EXERCISE OBJECTIVE> Pictures aside, can you reproduce the records word for word?
-- RECORD EXCERPTS follows --
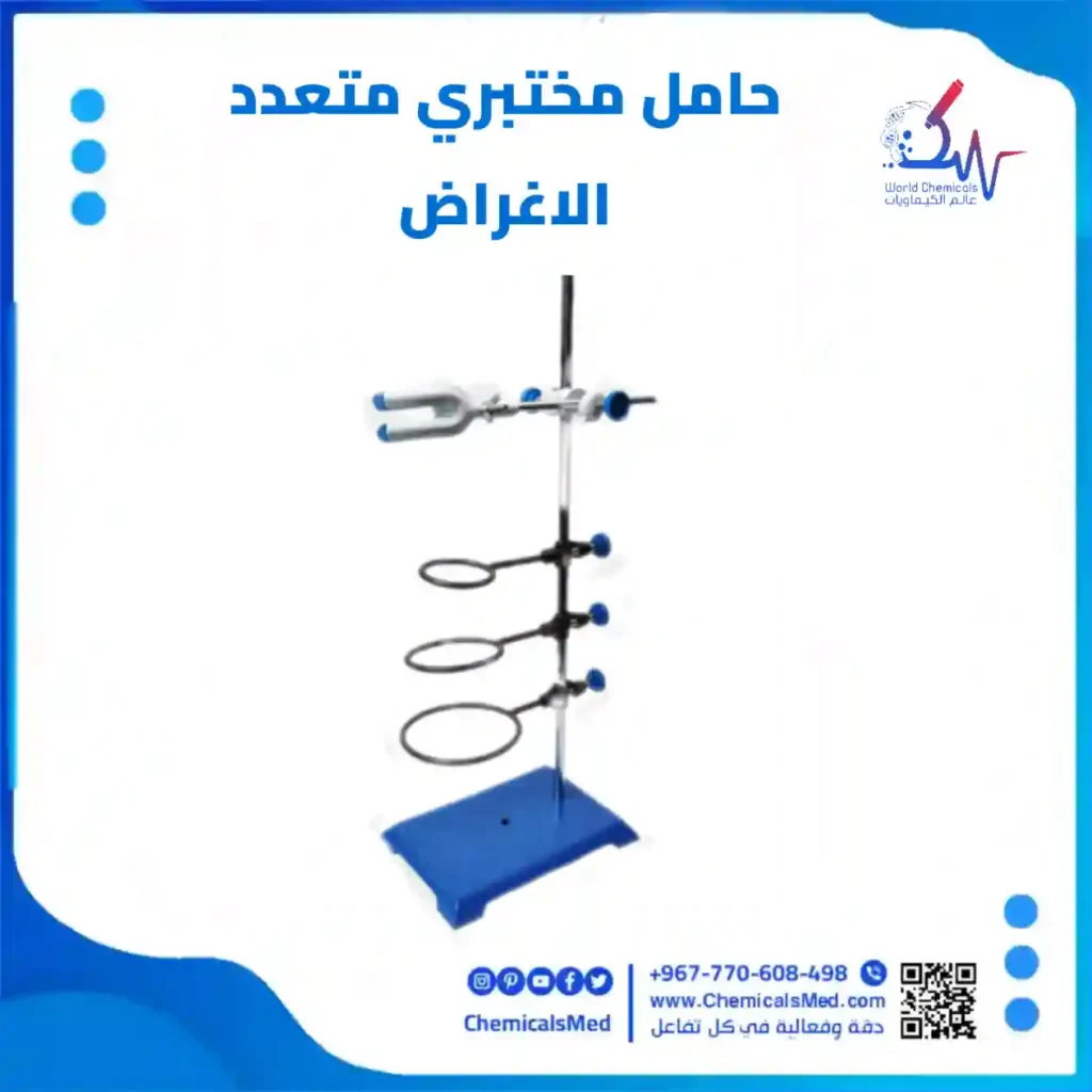 حامل التجارب متعدد الاغراض او ما يعرف بالستاند المخبري هو العمود الفقري لاي تجربة كيميائية وهو بمثابة الهيكل الاساسي الذي تبنى عليه كافة الاجهزة والزجاجيات هو عبارة عن اداة دعم تتكون من جزئين رئيسيين قاعدة معدنية ثقيلة جدا لضمان الاستقرار وقضيب معدني عمودي يتم تثبيته عليها
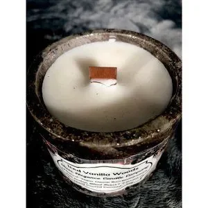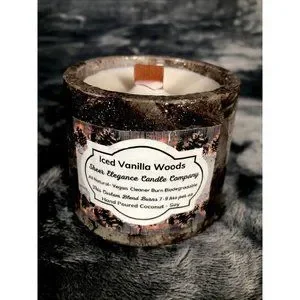 Add a touch of traditional style to your home with this handmade scented candle featuring a refreshing iced vanilla woods scent. The candle comes in a small round concrete vessel with a brown wood finish, making it suitable for any room in your home, including the bathroom, kitchen, bedroom, living room, sunroom, guestroom, and dining room. This one-of-a-kind candle is hand-poured and burns for 3-4 hours, providing a relaxing and inviting atmosphere in your space. The handmade candle is made in the United States and features a nature theme, making it a great addition to any home decor.
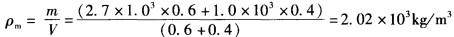 泥石流的流体密度(固液混合体的密度)为:
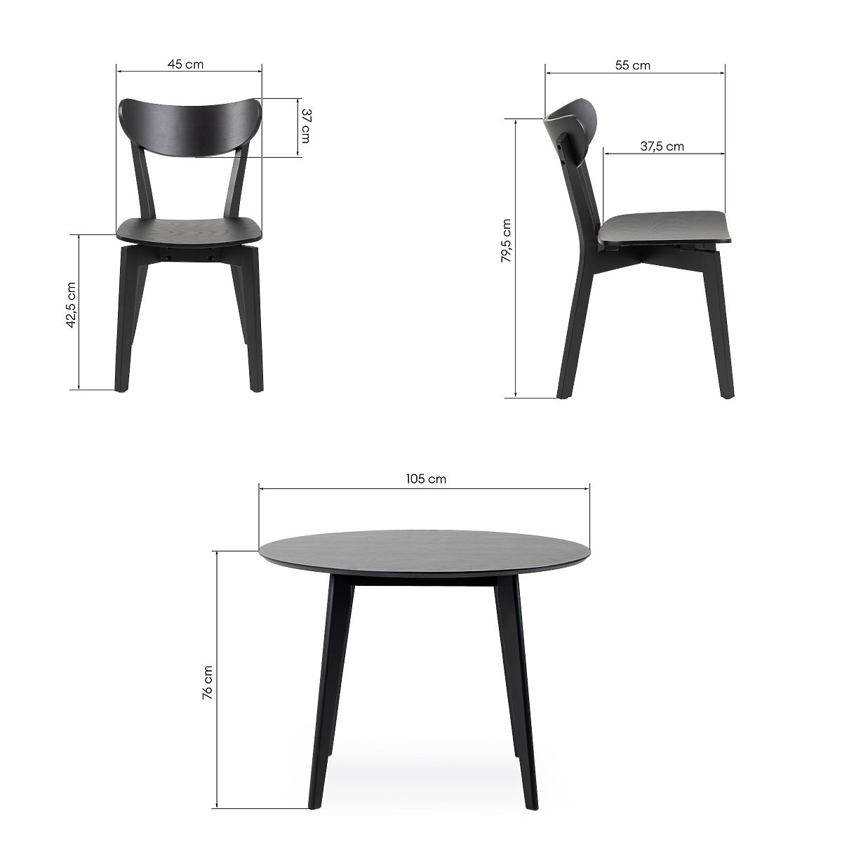 Kerek asztal és négy fekete szék időtlen dizájnnal. .. többet
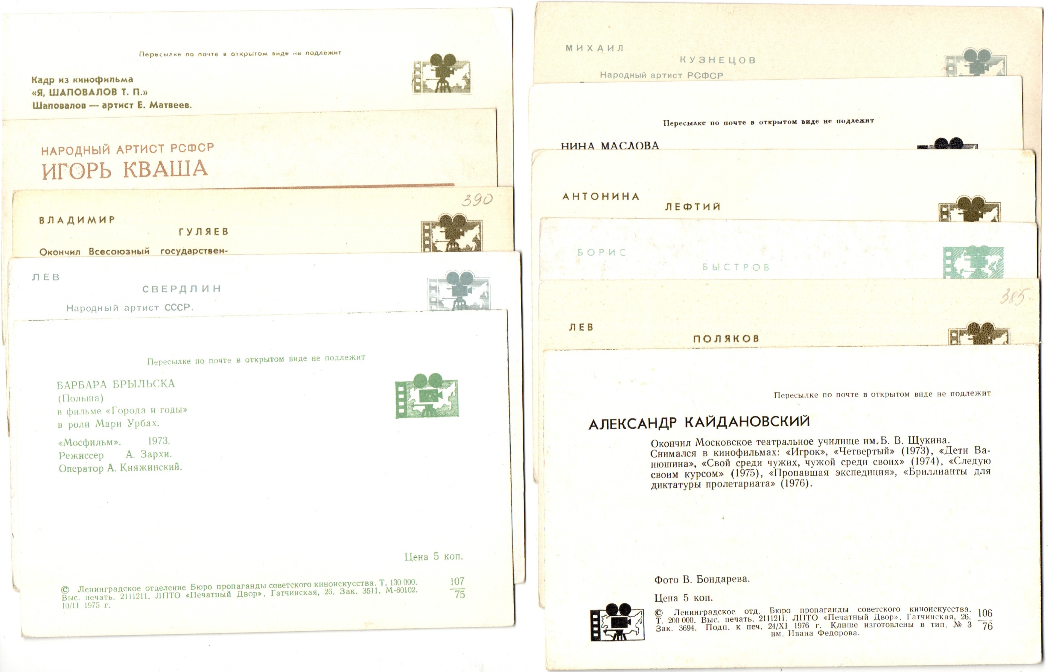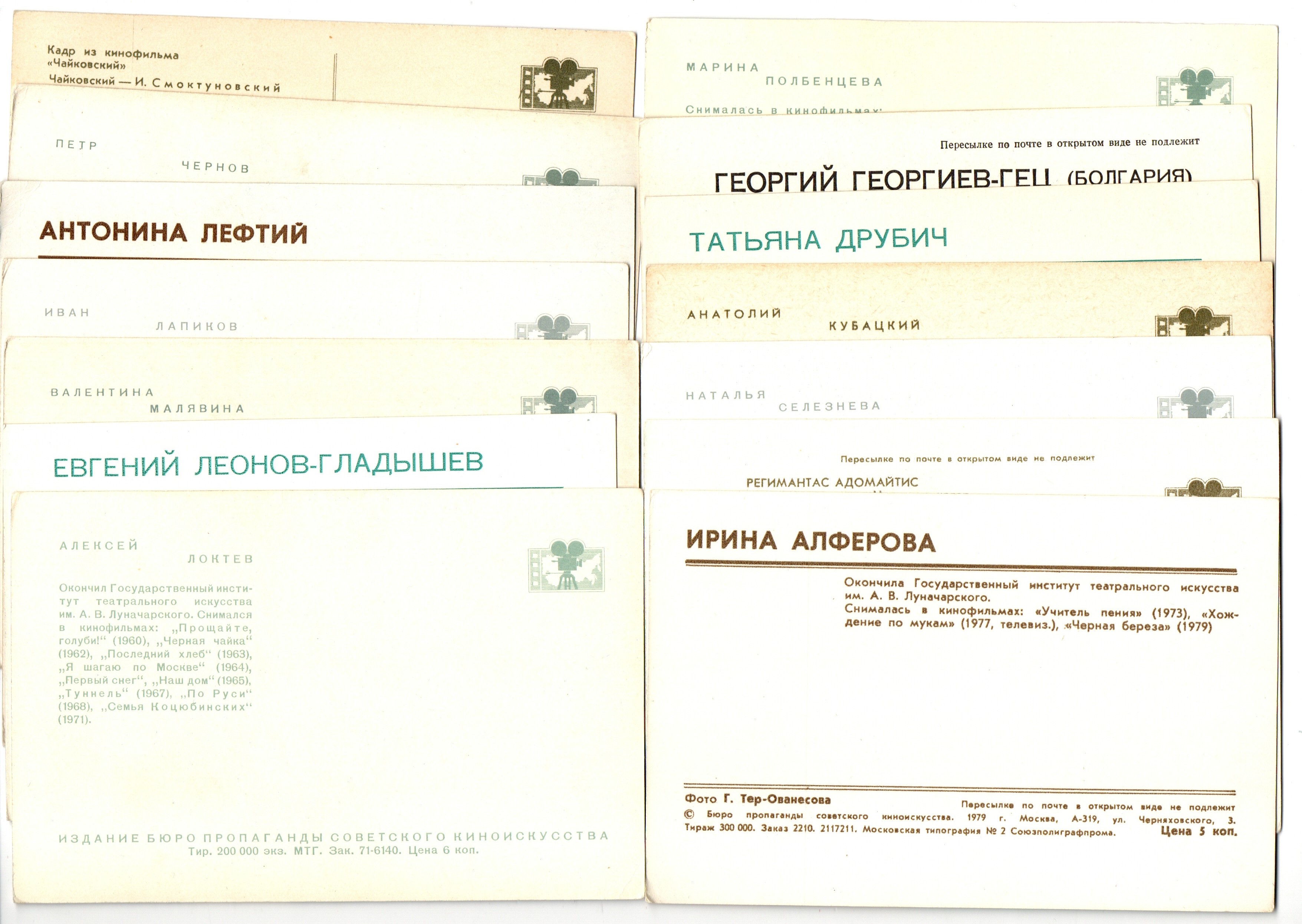 Подборка открыток с артистами СССР - 70, 80-е годы - 25 штук — чистые, без повторов
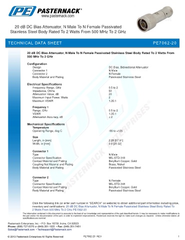 inventory and certifications: 20 dB DC Bias Attenuator, N Male To N Female Passivated Stainless Steel Body Rated To
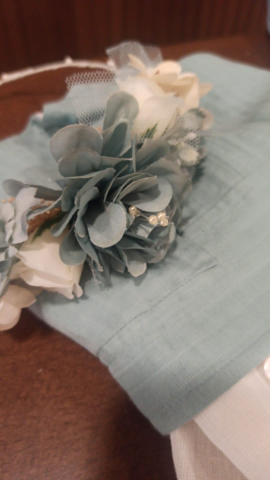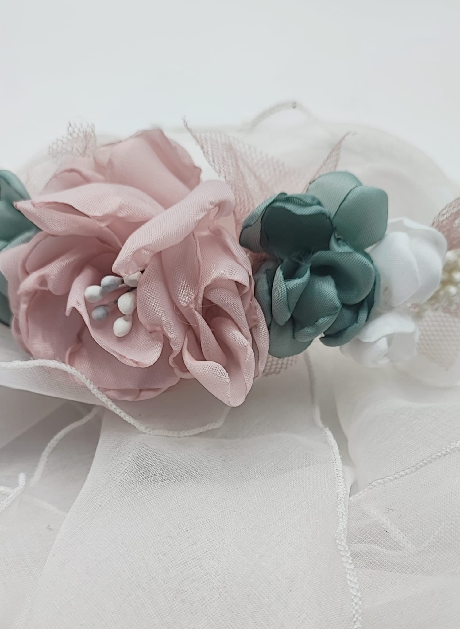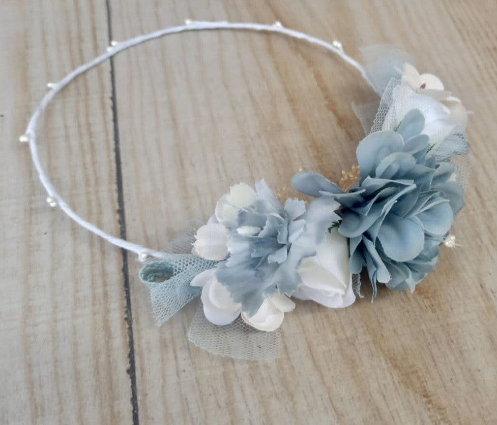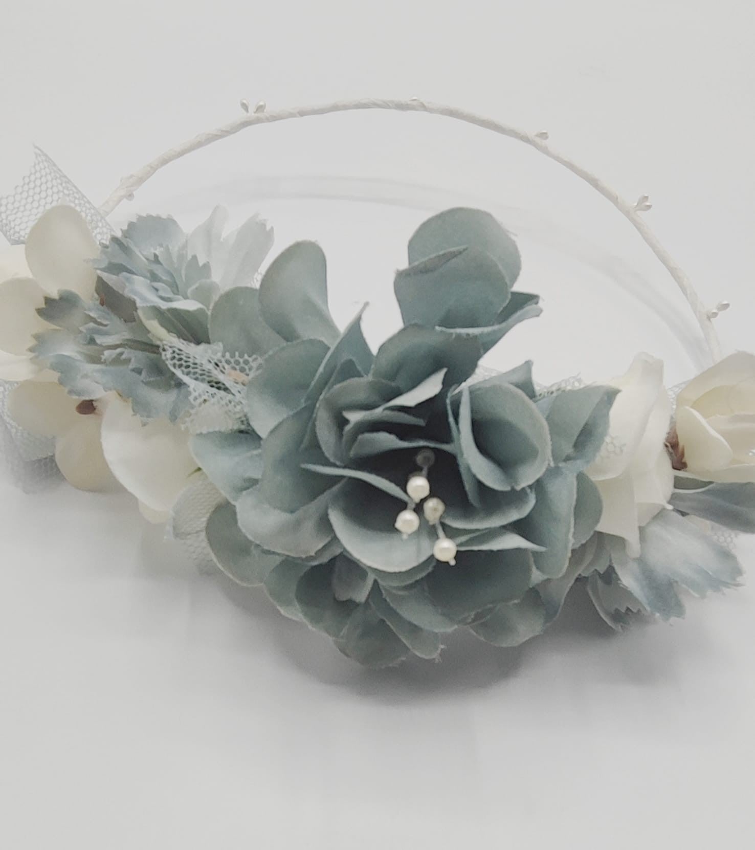 La corona floral compuesta de flores hechas a mano ideal para combinar con Vestido de comunión o arras.
-- RECORD EXCERPTS concluded --
EXERCISE OUTPUT>
 حامل التجارب متعدد الاغراض او ما يعرف بالستاند المخبري هو العمود الفقري لاي تجربة كيميائية وهو بمثابة الهيكل الاساسي الذي تبنى عليه كافة الاجهزة والزجاجيات هو عبارة عن اداة دعم تتكون من جزئين رئيسيين قاعدة معدنية ثقيلة جدا لضمان الاستقرار وقضيب معدني عمودي يتم تثبيته عليها
 Add a touch of traditional style to your home with this handmade scented candle featuring a refreshing iced vanilla woods scent. The candle comes in a small round concrete vessel with a brown wood finish, making it suitable for any room in your home, including the bathroom, kitchen, bedroom, living room, sunroom, guestroom, and dining room. This one-of-a-kind candle is hand-poured and burns for 3-4 hours, providing a relaxing and inviting atmosphere in your space. The handmade candle is made in the United States and features a nature theme, making it a great addition to any home decor.
 泥石流的流体密度(固液混合体的密度)为:
 Kerek asztal és négy fekete szék időtlen dizájnnal. .. többet
 Подборка открыток с артистами СССР - 70, 80-е годы - 25 штук — чистые, без повторов
 inventory and certifications: 20 dB DC Bias Attenuator, N Male To N Female Passivated Stainless Steel Body Rated To
 La corona floral compuesta de flores hechas a mano ideal para combinar con Vestido de comunión o arras.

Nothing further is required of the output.